Task instructions
Set down nothing but the lines from the one containing "工場や学校、テナント、ビル、" to the final line of the material, exactly as written, and drop the pictures.

Supplied material
= Beginning of Section =

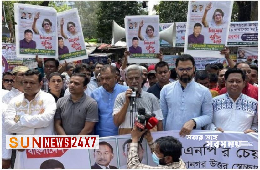স্বেচ্ছাসেবক দল ঢাকা মহানগর উত্তর বিএনপি চেয়ারপারসন বেগম খালেদা জিয়াসহ রাজবন্দিদের মুক্তির দাবিতে এ মানববন্ধনের আয়োজন করে।
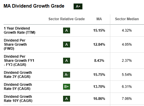 Looking at the screenshot below, we can see that Mastercard has averaged an annual dividend raise of 16.86% over the last DECADE. Can you imagine receiving such a large double-digit raise from your job every year for a decade straight?
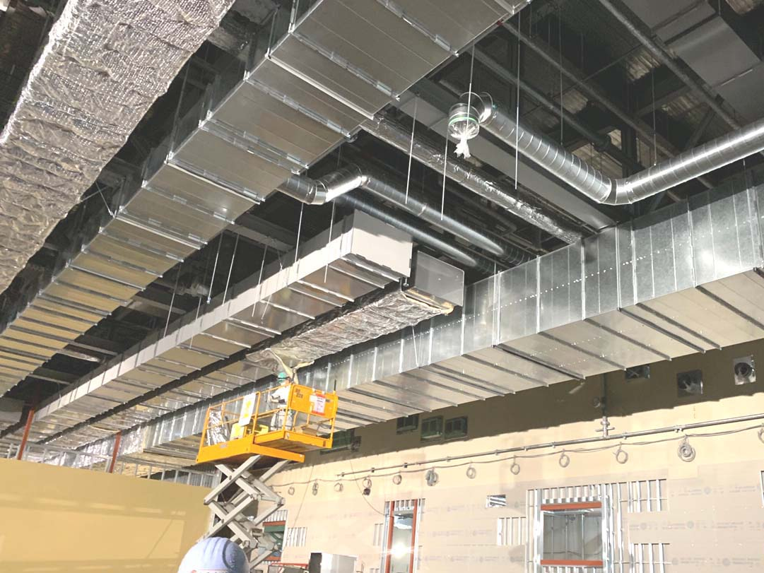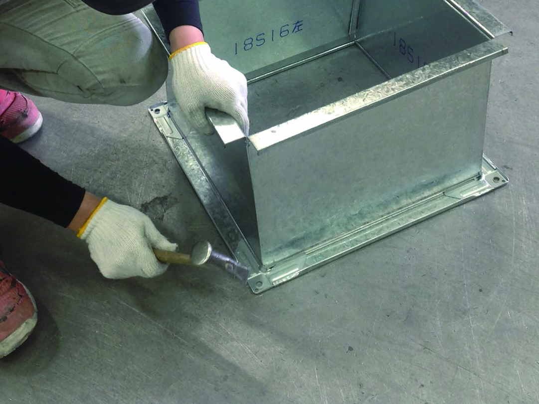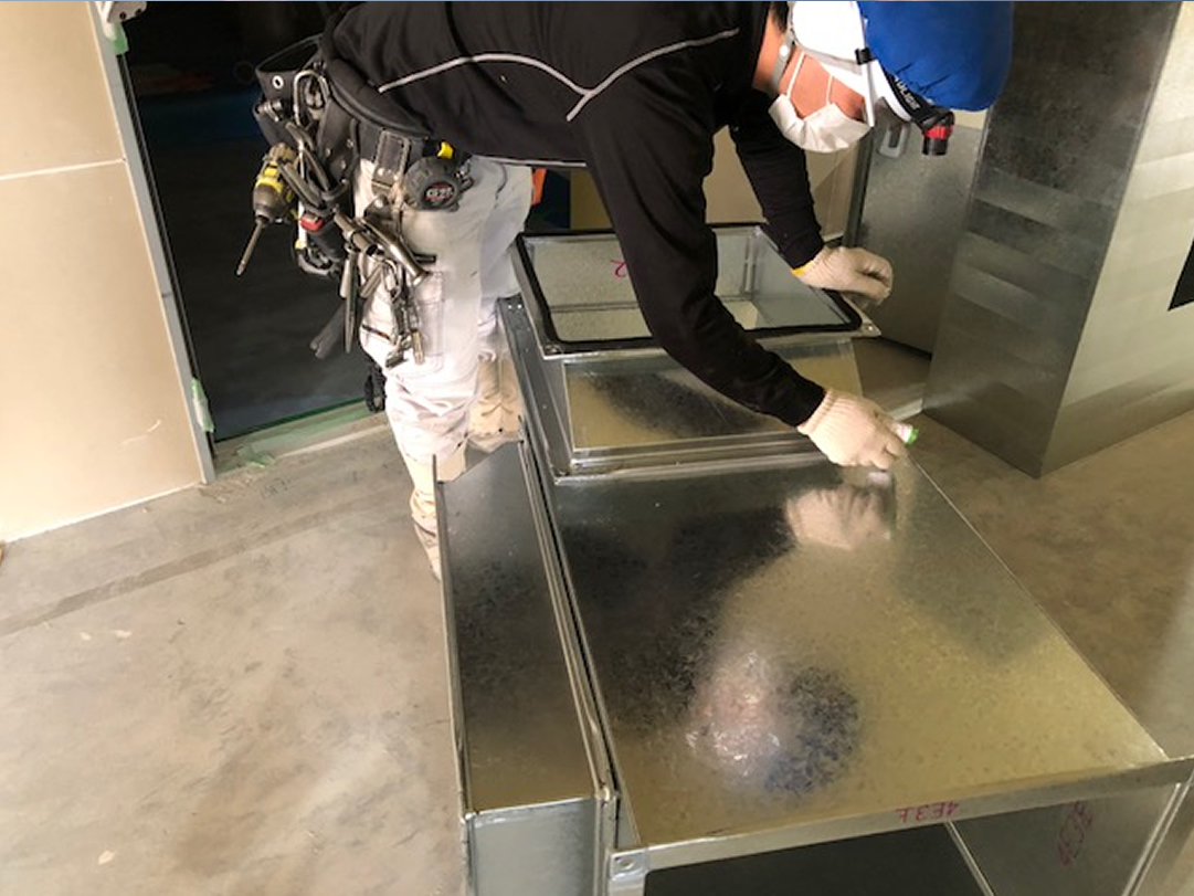 工場や学校、テナント、ビル、病院などが現場になります。ダクトの長さの調整、組立、加工を行い、吊りボルトなどでダクトを設置する流れとなります。
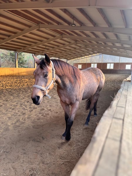 Vendo yegua de American Quarter Horse – color buckskin, nacida en 2023 Se ofrece una hermosa yegua de American Quarter Horse, nacida en 2023. La caballo destaca por su elegante pelaje buckskin y una altura actual de aproximadamente 150 cm. Es ideal para la disciplina de reining y demuestra mucho talento y disposición para aprender. Esta joven yegua es una opción prometedora para jinetes que valoran la calidad y el carácter. En movimiento, tanto en el paddock como en libertad, muestra excelentes pasos y transiciones. Tiene un carácter travieso, curioso y cariñoso a la vez. Posee una gran disposición para aprender, está completamente concentrada y participativa en cada entrenamiento. Para más información o si tiene alguna pregunta, no dude en contactarme.

= End of Section =

Solution for this task
 工場や学校、テナント、ビル、病院などが現場になります。ダクトの長さの調整、組立、加工を行い、吊りボルトなどでダクトを設置する流れとなります。
 Vendo yegua de American Quarter Horse – color buckskin, nacida en 2023 Se ofrece una hermosa yegua de American Quarter Horse, nacida en 2023. La caballo destaca por su elegante pelaje buckskin y una altura actual de aproximadamente 150 cm. Es ideal para la disciplina de reining y demuestra mucho talento y disposición para aprender. Esta joven yegua es una opción prometedora para jinetes que valoran la calidad y el carácter. En movimiento, tanto en el paddock como en libertad, muestra excelentes pasos y transiciones. Tiene un carácter travieso, curioso y cariñoso a la vez. Posee una gran disposición para aprender, está completamente concentrada y participativa en cada entrenamiento. Para más información o si tiene alguna pregunta, no dude en contactarme.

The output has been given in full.